> _Work instructions_
The answer must consist only of the lines in the records below from the line with "今年は1週間近く遅れて、庭の" to the line with "Декор для творчества", both included, copied word for word with every picture left out.

Start of Source data

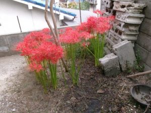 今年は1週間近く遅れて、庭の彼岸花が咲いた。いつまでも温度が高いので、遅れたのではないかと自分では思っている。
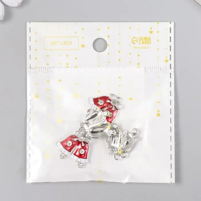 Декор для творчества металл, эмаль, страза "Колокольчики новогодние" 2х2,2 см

End of Source data
Start of Source data

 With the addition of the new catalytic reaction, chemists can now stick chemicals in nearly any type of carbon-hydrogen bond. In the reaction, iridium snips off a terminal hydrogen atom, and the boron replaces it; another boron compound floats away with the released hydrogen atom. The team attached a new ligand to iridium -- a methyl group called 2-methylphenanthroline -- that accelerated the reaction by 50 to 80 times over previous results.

End of Source data
Start of Source data

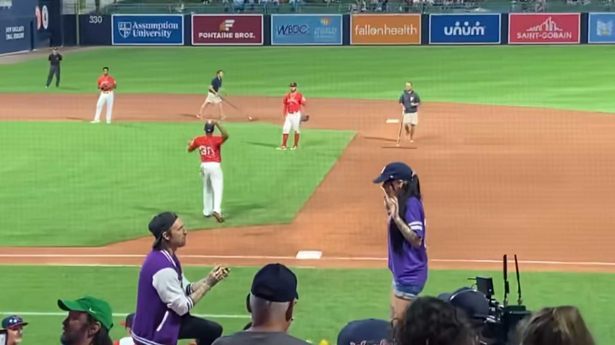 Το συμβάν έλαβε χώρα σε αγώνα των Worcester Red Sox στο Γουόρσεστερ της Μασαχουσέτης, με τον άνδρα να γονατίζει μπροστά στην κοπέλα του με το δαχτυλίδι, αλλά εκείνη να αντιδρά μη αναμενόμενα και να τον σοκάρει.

End of Source data

> _Result for this task_
 今年は1週間近く遅れて、庭の彼岸花が咲いた。いつまでも温度が高いので、遅れたのではないかと自分では思っている。
 Декор для творчества металл, эмаль, страза "Колокольчики новогодние" 2х2,2 см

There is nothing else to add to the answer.